About nccl timeout

ingalex0520 · March 24, 2023, 6:36am

I used huggingface to train bert and mlm to train Bert. I found that errors would be reported when the input data was more than 2 million, such as timeout error about nccl. This problem would not occur when the amount of data was small, but also when the input string was too long. Perhaps the solution is to increase the threshold, but how to set it?

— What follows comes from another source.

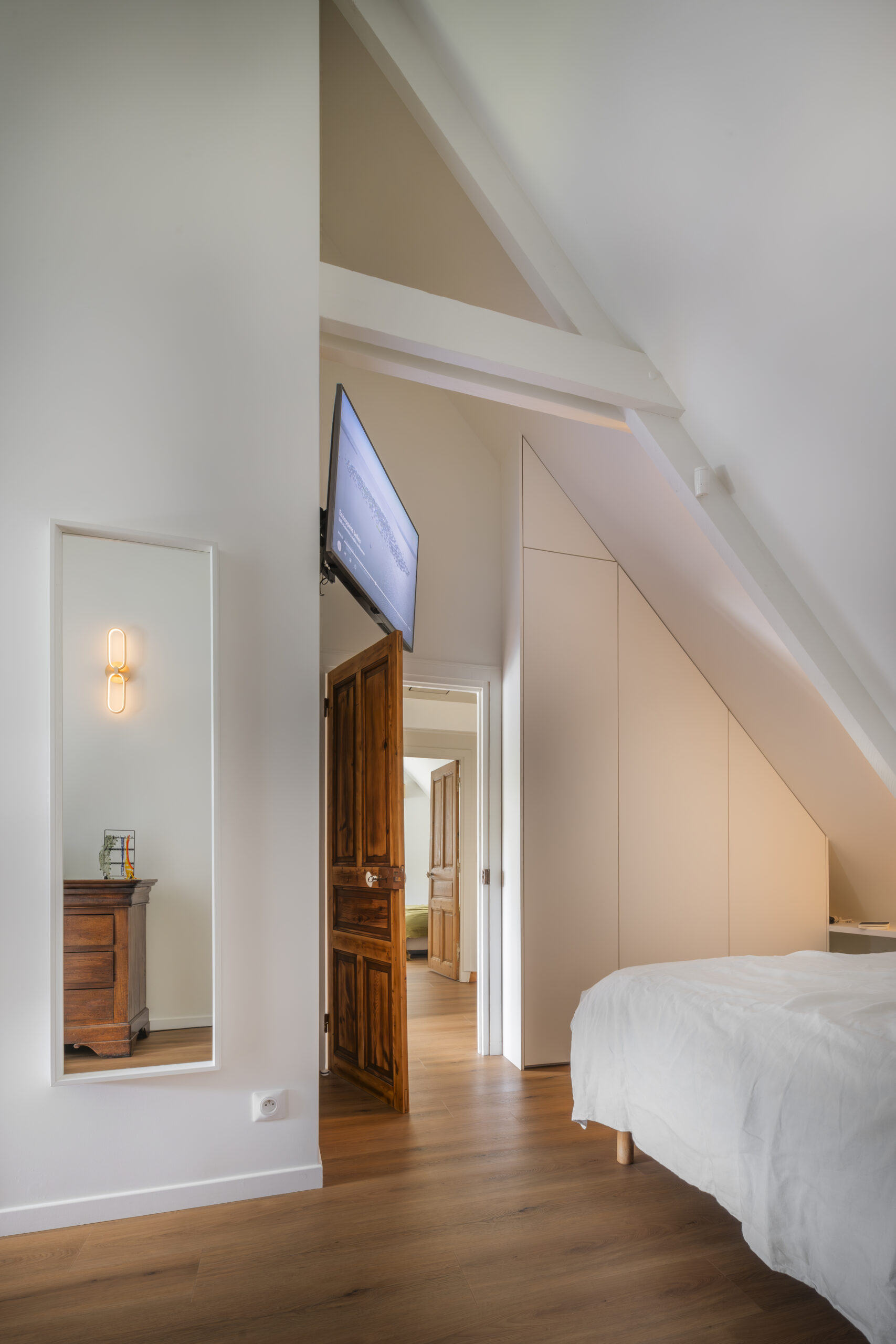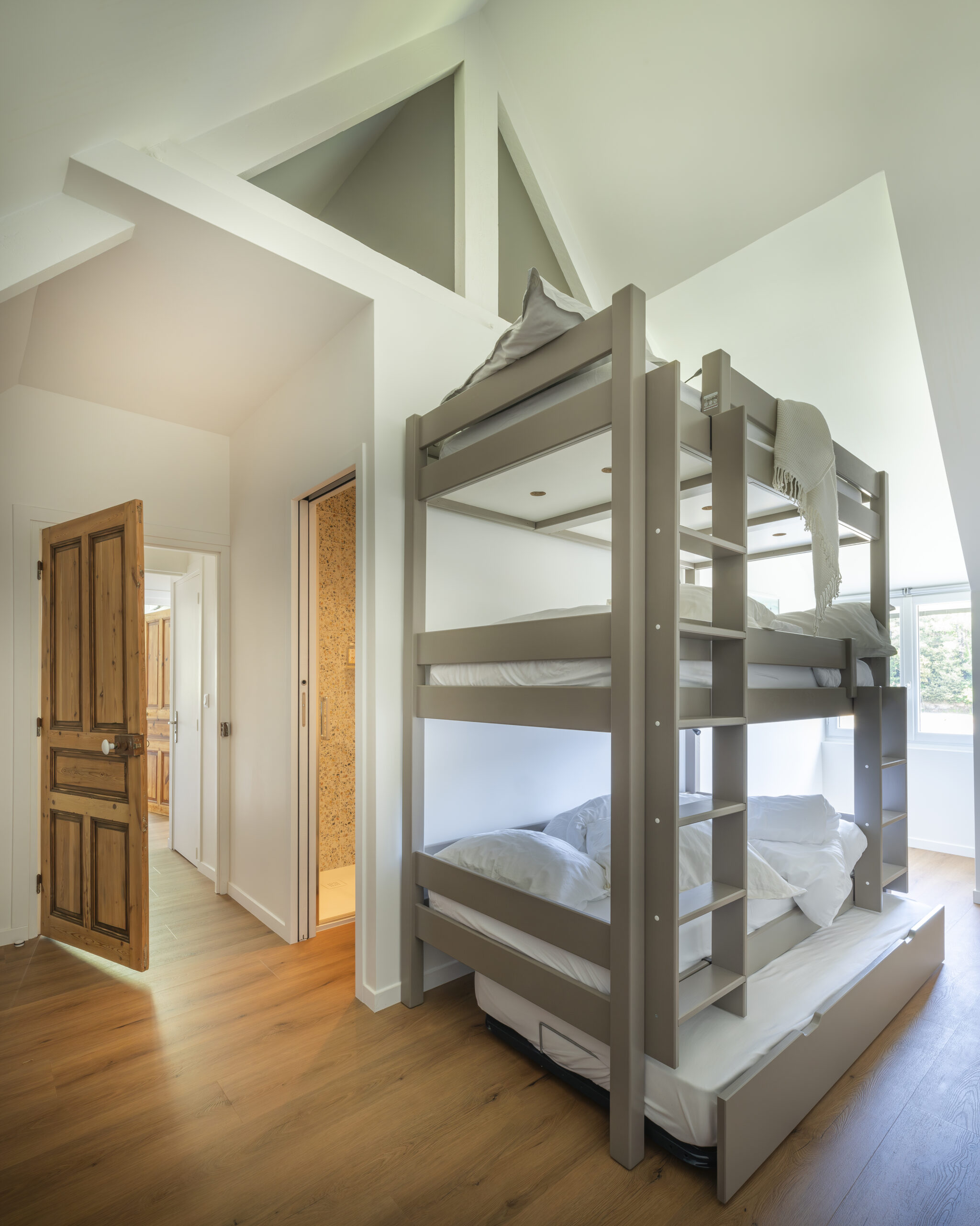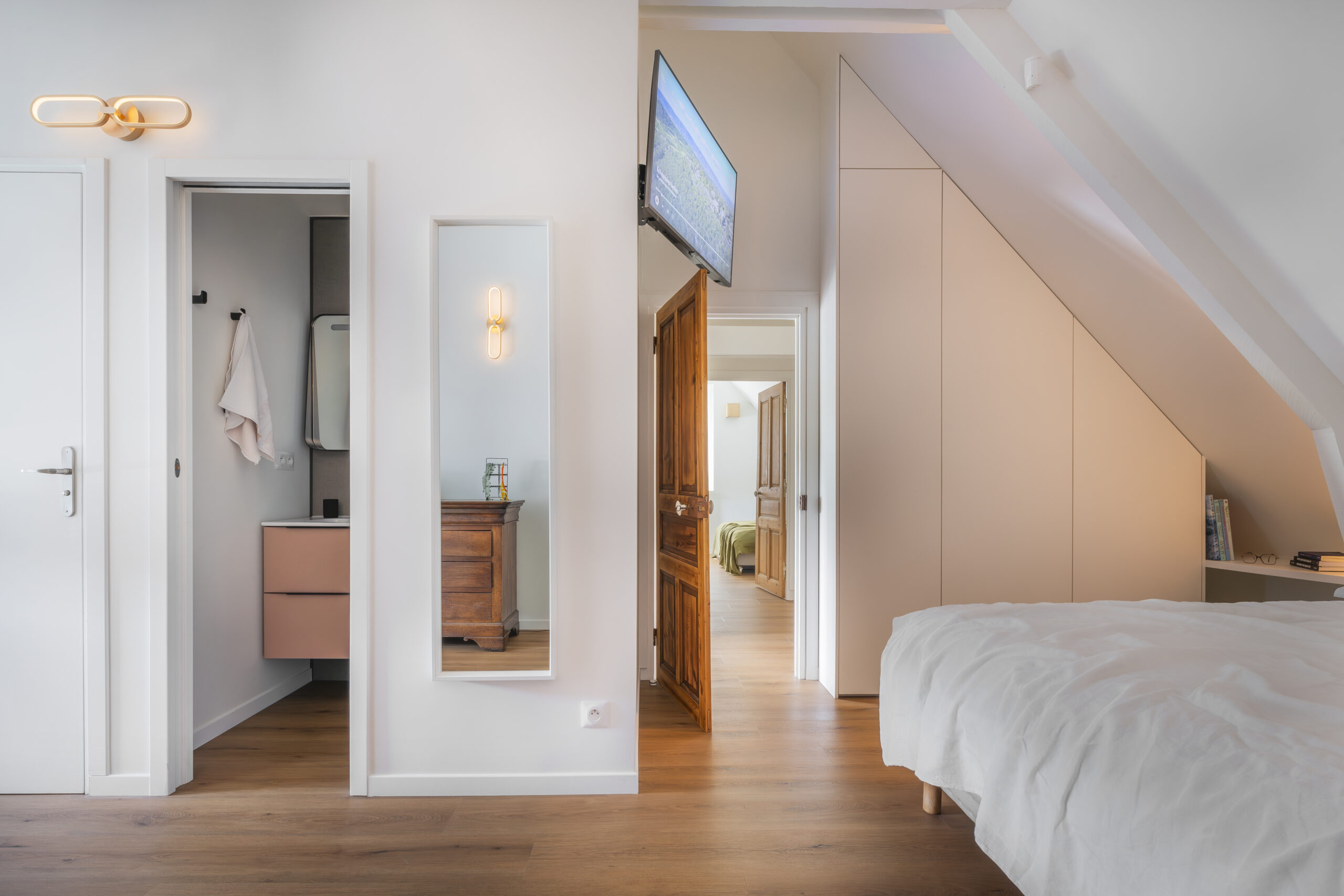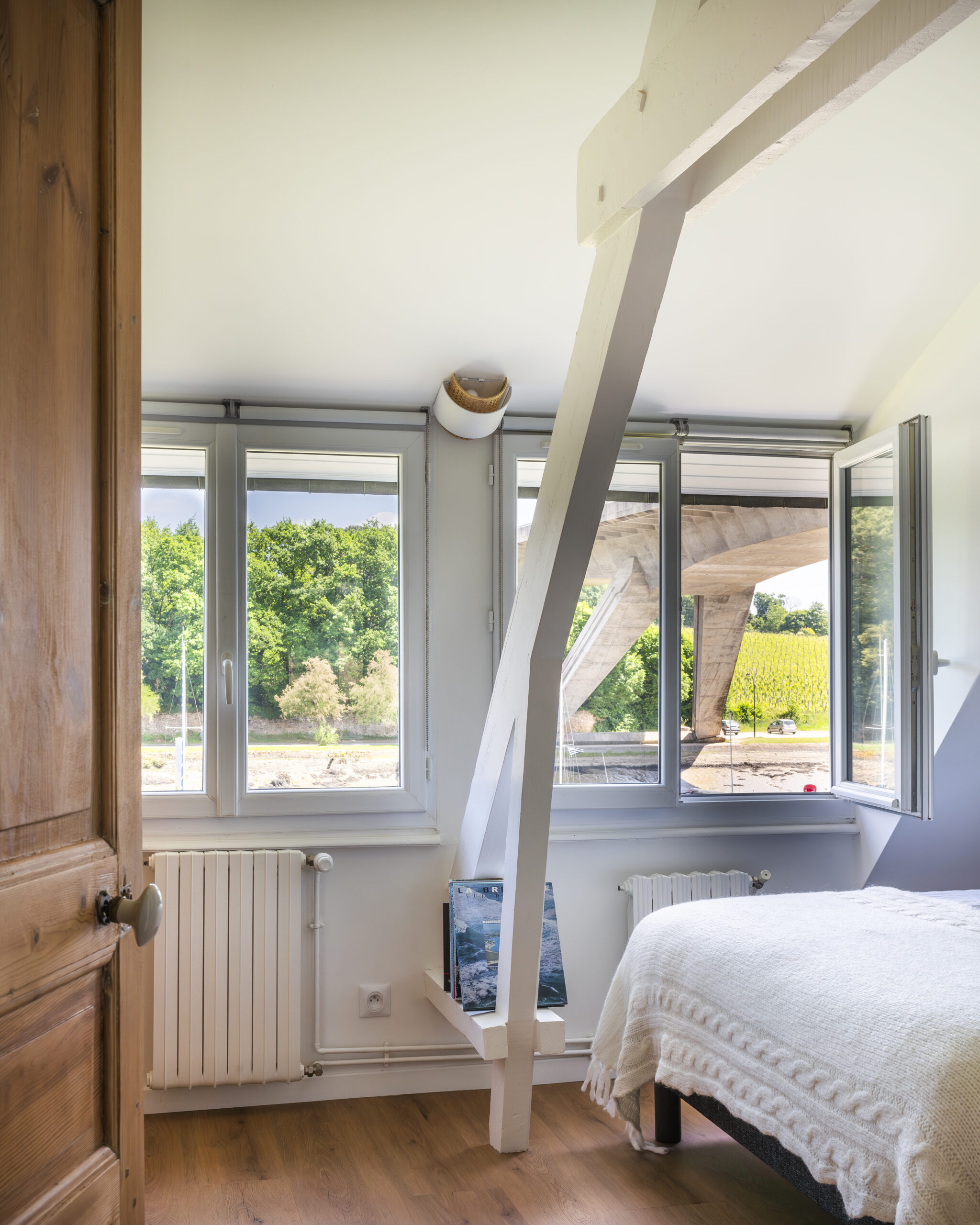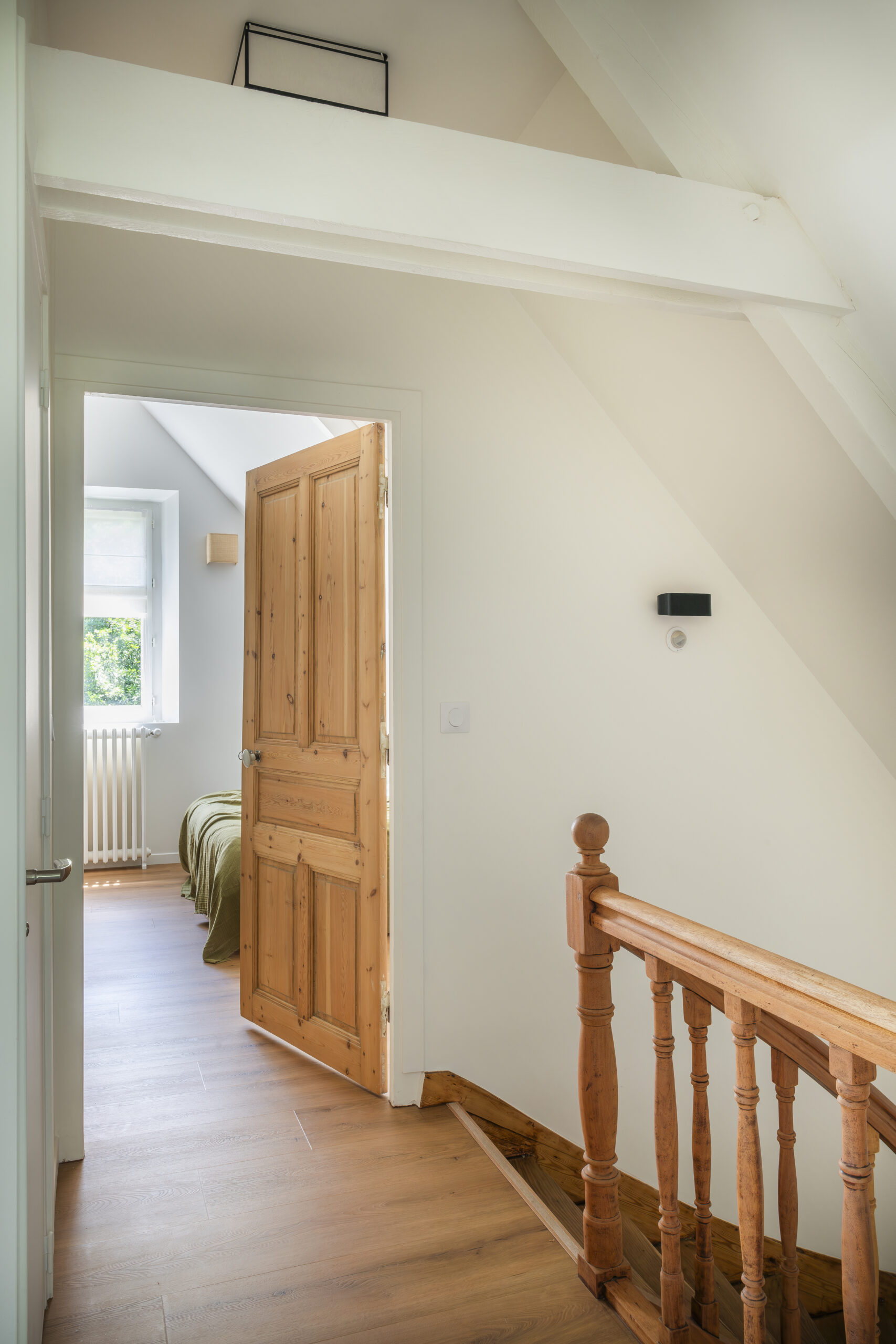 Les clients ont eu un immense coup de cœur pour cette charmante maison située sur les bords de la rivière d’Auray. Une transformation radicale des lieux a été nécessaire pour en faire une maison de vacances fonctionnelle et baignée de lumière ; la maison était, en effet, très cloisonnées avec de petites ouvertures. Une fois les contraintes techniques d’isolation et d’étanchéité des lieux résolues, les espaces ont été ouverts pour bénéficier de la vue au maximum. 4 chambres ont été créées avec de beaux volumes, dont une grande chambre dortoirs pour les enfants. Concernant les pièces à vivre, des ouvertures arrondies, répondant à celui des fenêtres, ont été réalisées dans certains murs porteurs. L’aménagement et la décoration a été un travail d’équipe. Amateurs d’art, les propriétaires ont su mettre en couleur les différents espaces.

ProcessGroupNCCL.cpp:821] [Rank 1] Watchdog caught collective operation timeout: WorkNCCL(SeqNum=2, OpType=ALLREDUCE, Timeout(ms)=1800000) ran for 1809815 milliseconds before timing out.
Grouping texts in chunks of 128:  66%|██████▌   | 2290000/3483738 [30:10<16:51, 1179.89 examples/s]
Grouping texts in chunks of 128:   0%|          | 0/3483738 [00:00<?, ? examples/s][E ProcessGroupNCCL.cpp:456] Some NCCL operations have failed or timed out. Due to the asynchronous nature of CUDA kernels, subsequent GPU operations might run on corrupted/incomplete data.
[E ProcessGroupNCCL.cpp:461] To avoid data inconsistency, we are taking the entire process down.
Grouping texts in chunks of 128:  66%|██████▌   | 2291000/3483738 [30:11<16:23, 1212.55 examples/s]
Grouping texts in chunks of 128:  66%|██████▌   | 2292000/3483738 [30:11<16:00, 1241.28 examples/s]
Grouping texts in chunks of 128:  66%|██████▌   | 2293000/3483738 [30:12<15:40, 1265.45 examples/s]
Grouping texts in chunks of 128:  66%|██████▌   | 2294000/3483738 [30:13<15:27, 1282.38 examples/s]WARNING:torch.distributed.elastic.multiprocessing.api:Sending process 45839 closing signal SIGTERM
ERROR:torch.distributed.elastic.multiprocessing.api:failed (exitcode: -6) local_rank: 1 (pid: 45840) of binary: /data/soft/anaconda3/envs/hu/bin/python3
Traceback (most recent call last):
  File "/data/soft/anaconda3/envs/hu/lib/python3.9/runpy.py", line 197, in _run_module_as_main
    return _run_code(code, main_globals, None,
  File "/data/soft/anaconda3/envs/hu/lib/python3.9/runpy.py", line 87, in _run_code
    exec(code, run_globals)
  File "/data/soft/anaconda3/envs/hu/lib/python3.9/site-packages/torch/distributed/launch.py", line 195, in <module>
    main()
  File "/data/soft/anaconda3/envs/hu/lib/python3.9/site-packages/torch/distributed/launch.py", line 191, in main
    launch(args)
  File "/data/soft/anaconda3/envs/hu/lib/python3.9/site-packages/torch/distributed/launch.py", line 176, in launch
    run(args)
  File "/data/soft/anaconda3/envs/hu/lib/python3.9/site-packages/torch/distributed/run.py", line 753, in run
    elastic_launch(
  File "/data/soft/anaconda3/envs/hu/lib/python3.9/site-packages/torch/distributed/launcher/api.py", line 132, in __call__
    return launch_agent(self._config, self._entrypoint, list(args))
  File "/data/soft/anaconda3/envs/hu/lib/python3.9/site-packages/torch/distributed/launcher/api.py", line 246, in launch_agent
    raise ChildFailedError(
torch.distributed.elastic.multiprocessing.errors.ChildFailedError: 
======================================================
/data/show_train/mlm_200w_768/train/run_mlm.py FAILED
------------------------------------------------------
Failures:
  <NO_OTHER_FAILURES>
------------------------------------------------------
Root Cause (first observed failure):
[0]:
  time      : 2023-03-24_14:24:25
  host      : temporary-bigdata-offline-gpu-node03
  rank      : 1 (local_rank: 1)
  exitcode  : -6 (pid: 45840)
  error_file: <N/A>
  traceback : Signal 6 (SIGABRT) received by PID 45840
======================================================

baiyuting · April 26, 2024, 8:47am

I met a similar question. nccl timeout occurs when data is large. Do you solve it now?